Task goal → Go to the line containing "ఆర్థిక, వైద్య ఆరోగ్యరంగాలు" below; retype it and all following lines exactly, and leave out the pictures.

Dataset extract →
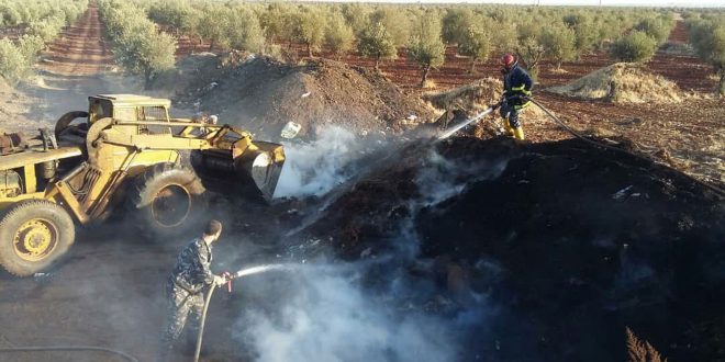 وفي السويداء أخمد فوج الإطفاء عدة حرائق أحدها نشب بتفل الزيتون في معصرة الثعلة حيث أوضح مصدر في فوج إطفاء السويداء لـ سانا أن الفوج تعامل صباح اليوم عبر آليتي إطفاء مع حريق معصرة الثعلة الناجم عن اشتعال تفل الزيتون داخلها حيث تمت السيطرة عليه وإخماده والاستعانة بالية جرافة لقلب مادة التفل وتبريدها لضمان عدم اشتعالها مرة أخرى.
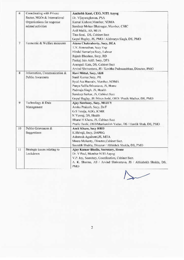 ఆర్థిక, వైద్య ఆరోగ్యరంగాలు సహా మొత్తం పదకొండు అంశాలలో తక్షణం తీసుకోవాల్సిన పరిస్థితులను అధ్యయనం చేసి, సరైన సిఫారసులను చేసేందుకు ఏకంగా పదకొండు కమిటీలను మోదీ నియమించారు. వాటన్నింటికీ ప్రధాన మంత్రి ముఖ్య కార్యదర్శి పీ.కే.మిశ్రా సారథ్యం వహిస్తారు. ఈ పదకొండు కమిటీలలో తొమ్మిదింటికి కార్యదర్శి స్థాయి అధికారి సారథ్యం వహిస్తుండగా.. ఒకదానికి నీతి ఆయోగ్ సభ్యుడు, మరొక దానికి నీతి ఆయోగ్ సీఈవో సారథ్యం వహిస్తారు. దేశం యావత్తు సడన్గా పాండామిక్ థ్రెట్లోకి వెళ్ళడంతో ఫ్యూచర్లో ఇలాంటి పరిణామాలు తలెత్తితే.. ఎదుర్కోవడానికి తగిన విధంగా చర్యలు తీసుకునే విషయంపై ఓ కమిటీని ప్రత్యేకంగా నియమించినట్లు తెలుస్తోంది.
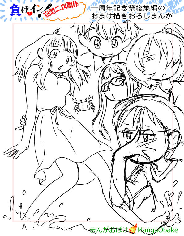 一周年記念の総集編まんがの、オマケまんがを考え中。
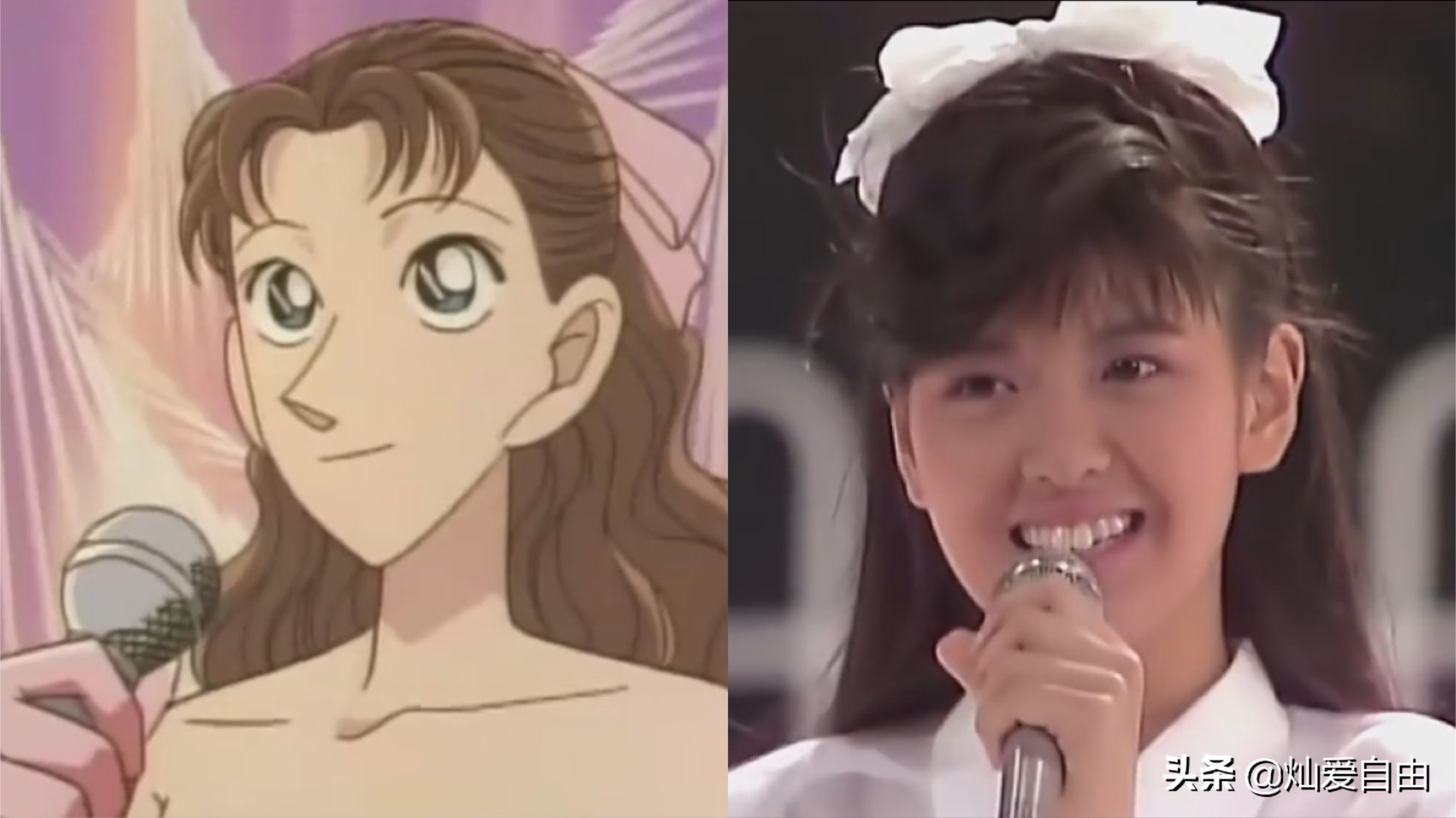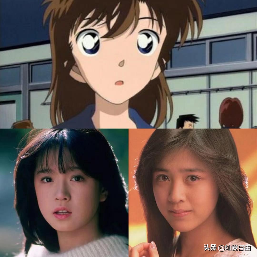 《名侦探柯南》的女主角毛利兰,真人原型常被认为是工藤静香,特别是小兰的发型与早年的工藤静香一样,都有个漂亮的扬起的弧度。

Task solution →
 ఆర్థిక, వైద్య ఆరోగ్యరంగాలు సహా మొత్తం పదకొండు అంశాలలో తక్షణం తీసుకోవాల్సిన పరిస్థితులను అధ్యయనం చేసి, సరైన సిఫారసులను చేసేందుకు ఏకంగా పదకొండు కమిటీలను మోదీ నియమించారు. వాటన్నింటికీ ప్రధాన మంత్రి ముఖ్య కార్యదర్శి పీ.కే.మిశ్రా సారథ్యం వహిస్తారు. ఈ పదకొండు కమిటీలలో తొమ్మిదింటికి కార్యదర్శి స్థాయి అధికారి సారథ్యం వహిస్తుండగా.. ఒకదానికి నీతి ఆయోగ్ సభ్యుడు, మరొక దానికి నీతి ఆయోగ్ సీఈవో సారథ్యం వహిస్తారు. దేశం యావత్తు సడన్గా పాండామిక్ థ్రెట్లోకి వెళ్ళడంతో ఫ్యూచర్లో ఇలాంటి పరిణామాలు తలెత్తితే.. ఎదుర్కోవడానికి తగిన విధంగా చర్యలు తీసుకునే విషయంపై ఓ కమిటీని ప్రత్యేకంగా నియమించినట్లు తెలుస్తోంది.
 一周年記念の総集編まんがの、オマケまんがを考え中。
 《名侦探柯南》的女主角毛利兰,真人原型常被认为是工藤静香,特别是小兰的发型与早年的工藤静香一样,都有个漂亮的扬起的弧度。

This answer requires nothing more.